======== Supplied entries

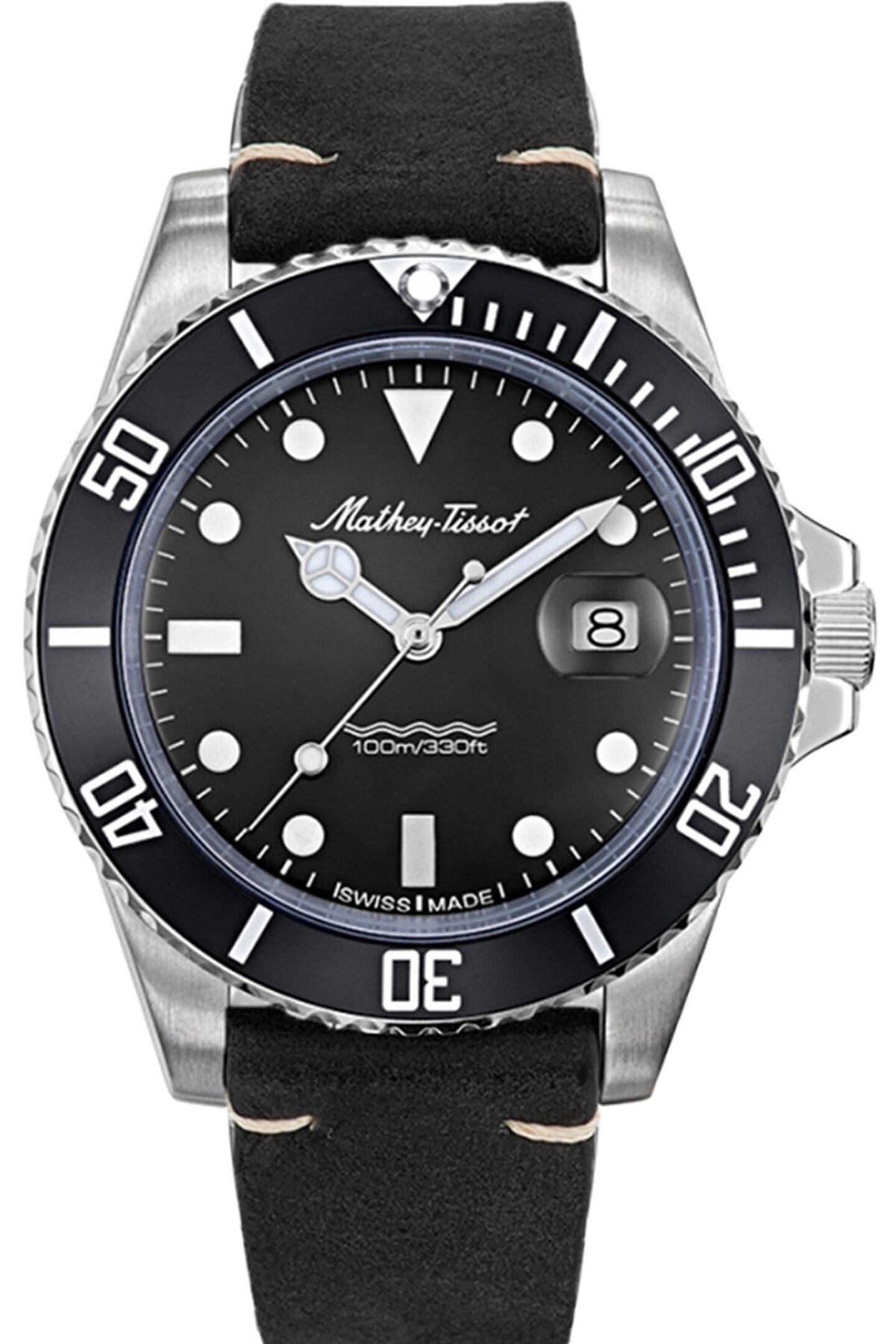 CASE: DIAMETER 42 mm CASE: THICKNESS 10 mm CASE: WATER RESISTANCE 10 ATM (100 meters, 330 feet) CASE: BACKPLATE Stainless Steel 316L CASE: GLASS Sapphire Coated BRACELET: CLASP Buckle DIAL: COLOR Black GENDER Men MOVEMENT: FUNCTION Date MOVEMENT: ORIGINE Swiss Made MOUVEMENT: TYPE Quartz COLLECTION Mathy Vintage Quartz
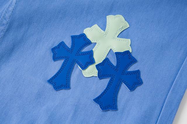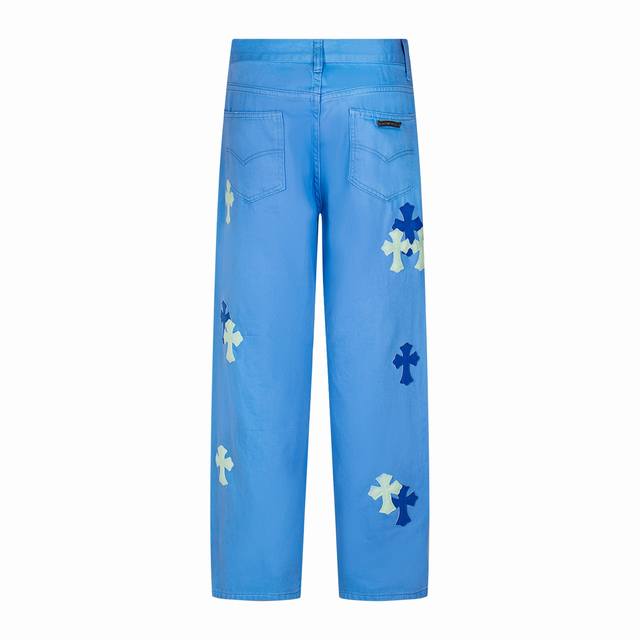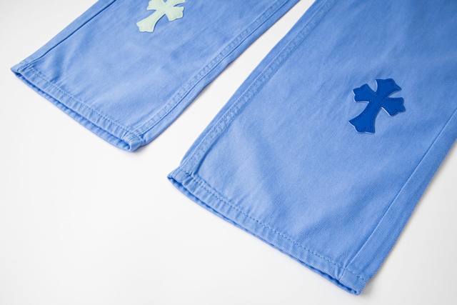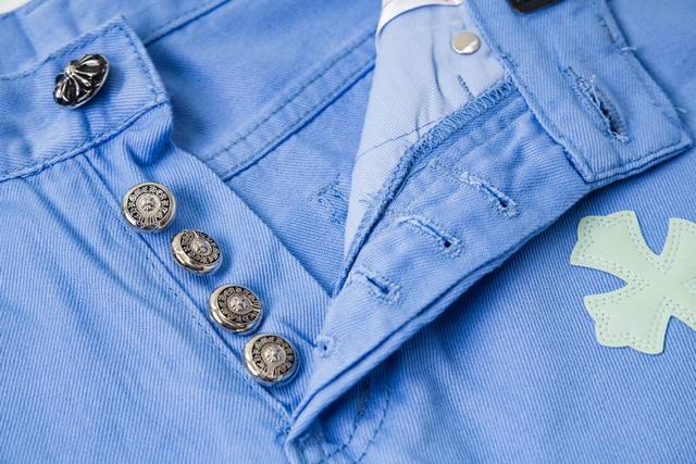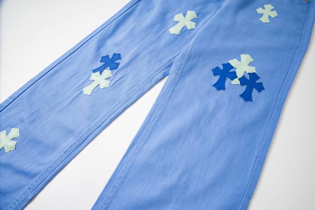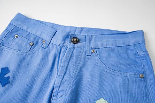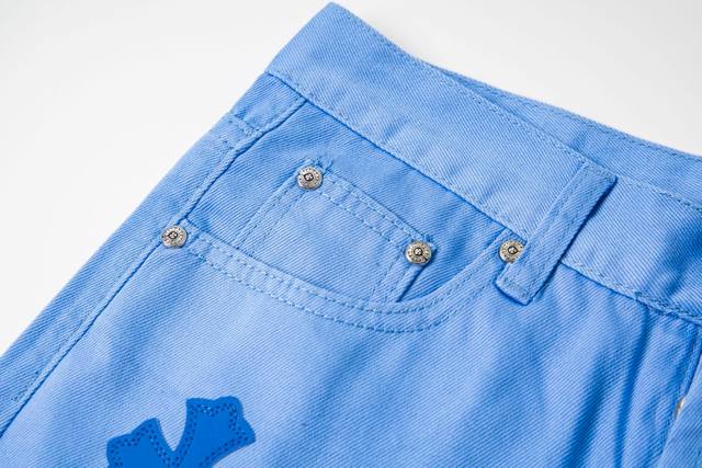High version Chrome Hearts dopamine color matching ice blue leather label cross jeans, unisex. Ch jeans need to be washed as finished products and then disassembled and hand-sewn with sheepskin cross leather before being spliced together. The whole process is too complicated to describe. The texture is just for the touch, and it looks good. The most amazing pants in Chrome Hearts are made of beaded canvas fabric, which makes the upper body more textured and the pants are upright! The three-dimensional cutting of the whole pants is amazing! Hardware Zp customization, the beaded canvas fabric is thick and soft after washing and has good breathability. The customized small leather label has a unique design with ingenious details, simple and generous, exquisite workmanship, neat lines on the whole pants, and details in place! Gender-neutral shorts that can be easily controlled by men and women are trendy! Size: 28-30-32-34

================
======== Supplied entries

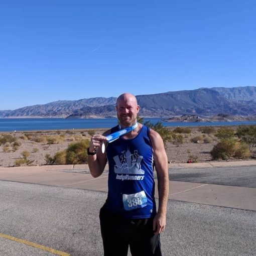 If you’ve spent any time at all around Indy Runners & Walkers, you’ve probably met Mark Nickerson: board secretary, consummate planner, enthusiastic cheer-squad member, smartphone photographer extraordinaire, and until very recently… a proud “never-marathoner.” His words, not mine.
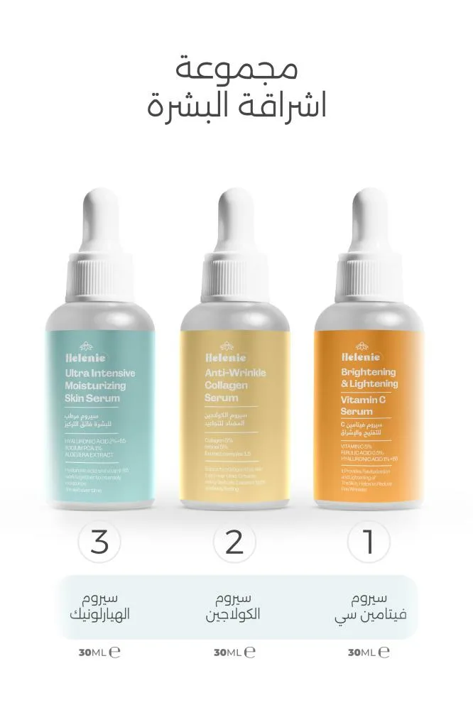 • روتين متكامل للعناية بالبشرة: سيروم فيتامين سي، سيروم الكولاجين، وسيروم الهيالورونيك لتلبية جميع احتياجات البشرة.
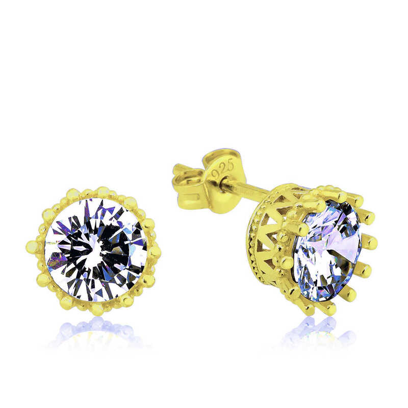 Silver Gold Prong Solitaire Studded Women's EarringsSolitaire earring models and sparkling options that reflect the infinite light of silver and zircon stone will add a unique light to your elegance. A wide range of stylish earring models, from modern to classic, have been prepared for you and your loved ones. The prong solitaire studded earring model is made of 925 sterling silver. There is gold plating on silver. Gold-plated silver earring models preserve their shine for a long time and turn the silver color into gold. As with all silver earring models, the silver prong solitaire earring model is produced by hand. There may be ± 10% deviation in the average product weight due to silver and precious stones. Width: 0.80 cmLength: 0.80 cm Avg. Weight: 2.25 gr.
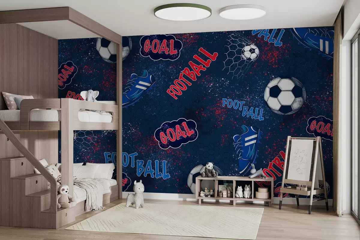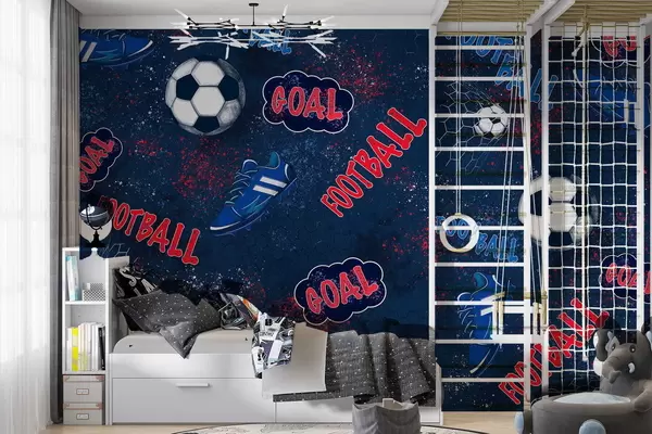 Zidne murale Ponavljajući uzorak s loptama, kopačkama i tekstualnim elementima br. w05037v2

================

In the entries above, find the line with "If you’ve spent" and the line with "جميع احتياجات البشرة.". Write out exactly those two lines and every line between them, pictures excluded.

 If you’ve spent any time at all around Indy Runners & Walkers, you’ve probably met Mark Nickerson: board secretary, consummate planner, enthusiastic cheer-squad member, smartphone photographer extraordinaire, and until very recently… a proud “never-marathoner.” His words, not mine.
 • روتين متكامل للعناية بالبشرة: سيروم فيتامين سي، سيروم الكولاجين، وسيروم الهيالورونيك لتلبية جميع احتياجات البشرة.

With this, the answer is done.